When we left the busy UMG legal team, they were claiming that their
takedowns of the video from YouTube were not necessarily DMCA-related
copyright issues per se, but rather were tied to "other contractual
arrangements" with Google/YouTube - http://j.mp/uy1Fgp (ars technica).

Google has now responded, saying: "Our partners do not have the right
to take down videos from YT unless they own the rights to them or they
are live performances controlled through exclusive agreements with
their artists, which is why we reinstated it." -
http://j.mp/svcKMl (WebProNews)

And indeed, the video, now with over 2M views (the "Streisand Effect"
strikes again!) is back up at the link noted above.

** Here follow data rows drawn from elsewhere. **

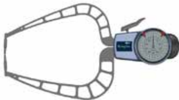
CMT 167 A

Three analogue and digital gauges are available. Special versions e.g. with longer jaws can be supplied.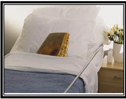
Book Has Appendix Removed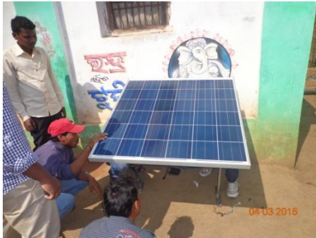
Solar Panel powering the inverter

Though the area is a gram panchayat headquarter it has no such facilities in the radius of about 20 km, also a Revenue Inspector office will open shortly. Therefore, opening of such a centre would prove to be profitable. He will also add new products and services to this centre over time.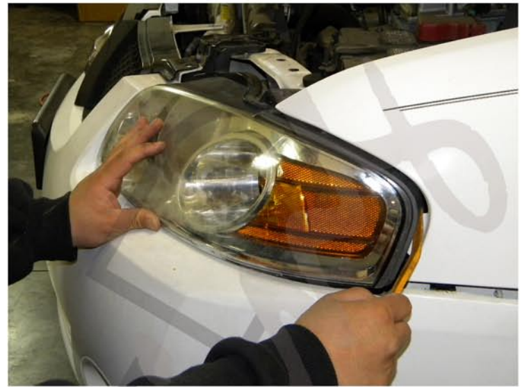
6. Remove headlight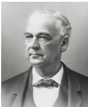
ATTORNEY AND FORMER JUSTICE SOLOMON HEYDENFELDT

if the rule were not a “preference favorable to one religious profession” but simply, as Justice Field asserted, “a mere civil rule of conduct,” it still violated the state Constitution. Article I, section 1, declared everyone “by nature free and independent,” and recognized Californians’ “inalienable rights,” including “acquiring, possessing, and protecting property, and pursuing and obtaining safety and happiness.” The majority, shaped by the Gold Rush zeitgeist , found the law failed as a secular, economic regulation because it restricted one’s right to work and acquire property.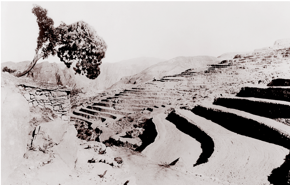
Figure 7. These bench terraces in Shansi Province illustrate the extent to which some Chinese farmers have gone to conserve the remaining soil on their hillsides.

It was in the presence of such tragic scenes on a gigantic scale that I resolved to run down the nature of soil erosion and to devote my lifetime to study of ways to conserve the lands on which mankind depends.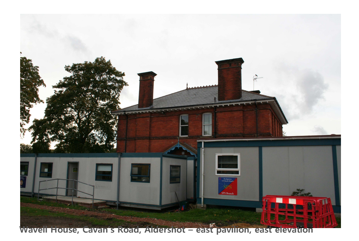
Wavell House, Cavan's Road, Aldershot – west elevation, west pavilion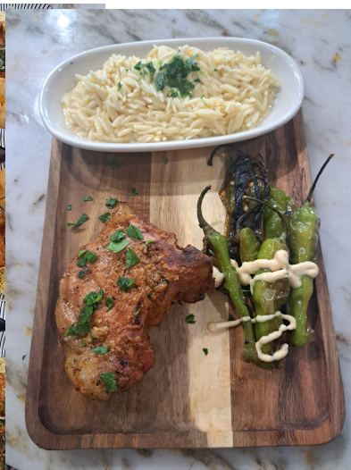
CRISPY PORK CHOP, ORZO DIAVOLO, BLISTERED SHISHITOS WITH TRUFFLE HABANERO AIOLI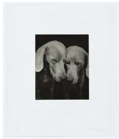
William Wegman, Reflectional , 2002. Photogravure, 26-1/4 x 22-1/2 inches. Edition: 20; XLV.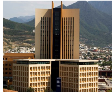
Hospital Zambrano Hellion Tec Salud, Monterrey, Mexico Joint Commission Accreditation Due 2024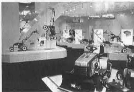
Cologne Garden Fair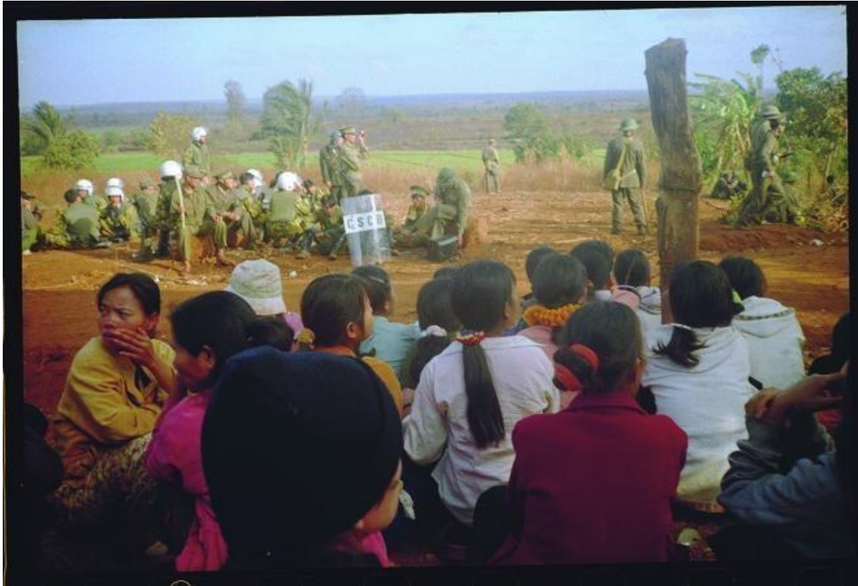
Fig 1. Jarai women in Plei Lao village, Gia Lai province, where Mobile Intervention Police broke up an all-night prayer meeting in March 2001, fired on villagers – killing one – then burned the village church.

Leaving aside all the technical reasons why SOPA would be devastating
to Internet security, reliability, and connectivity, this UMG case
also demonstrates the sheer lunancy of the SOPA approach.

Unlike in this case where a single video was involved, SOPA creates the
ability to kill entire domains based on similar arbitrary and flawed
claims, and in its current form at least, doesn't even include the basic
counter-notice provisions of DMCA.

UMG should perhaps be thanked for unwittingly providing this anti-SOPA
object lesson at this critical time.